“Implikasinya bagi para produsen hasil laut adalah produksi laut yang dihasilkan mereka juga memperhatikan keberlangsungan ekosistem laut, pengelolaan hasil laut yang zero waste, serta melarang praktik overexploitation,” kata Vinda.
Penerapan blue economy di Indonesia saat ini, kata Vinda, sudah mencatat peningkatan jika dibandingkan tahun sebelumnya. Dicontohkan, salah satu bentuk dukungan yang diberikan Kementerian Pariwisata dan Ekonomi Kreatif (Kemenparekraf), yaitu program desa wisata.
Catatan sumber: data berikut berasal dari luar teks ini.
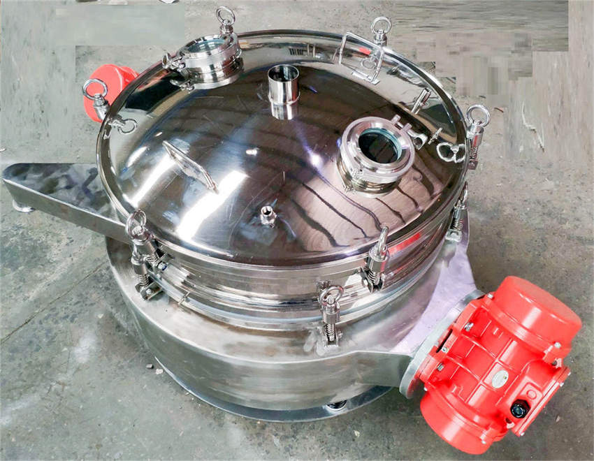 直排篩的作用原理是振動電機軸上下端的兩組偏心塊(不平衡偏心塊),將振動電機的旋轉運動變為水平、垂直、傾斜以及離心作用的多作用力重疊,再將這種作用力傳遞給篩面。改變上下偏心塊的相位角和可以改變激振力的大小和物料的運動軌跡。
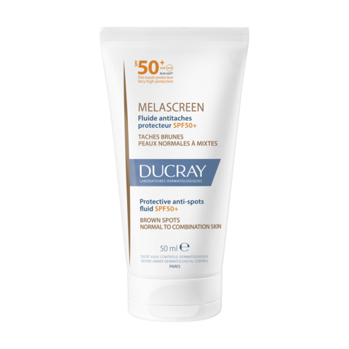 MELASCREEN Fluido protector anti-manchas SPF50+ es el 1er fluido anti-manchas diario con muy alta protección que previene y reduce la aparición de manchas marrones, al mismo tiempo que protege la piel contra los UVB, los rayos UVA cortos y largos, la luz azul y los efectos nocivos de la contaminación.
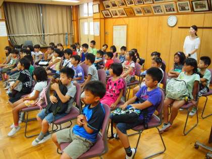 2年生は会議室です。原爆の話を聞いた後,東京大空襲のビデオを見ました。2年生なりの「戦争」に対するイメージができたでしょうか。

Setiap desa di Indonesia diakomodasi untuk menggali ciri khas daerah masing-masing, yang berkontribusi dalam penerapan blue economy tersebut.
“Masyarakat daerah pesisir yang awalnya hanya berfokus untuk menangkap ikan saja, saat ini dapat mengembangkan potensi dari sektor perikanan dan kelautan,” katanya.
Tidak hanya diversifikasi hasil laut, melainkan juga kerajinan tangan yang bisa menjadi ciri khas daerah.
Di beberapa desa atau wilayah, bahkan, sudah mulai ‘mempercantik’ diri agar menarik wisatawan lokal maupun internasional.
Meskipun demikian, Vinda mengatakan, masih banyak tantangan terhadap penerapan blue economy di Indonesia.
Pertama, menurut Vinda, eksploitasi sumber daya alam oleh nelayan yang melakukan penangkapan hasil laut secara berlebihan dan mengganggu ekosistem laut. Sehingga, perlu ada inovasi dalam menghasilkan produk yang optimal tanpa merusak lingkungan.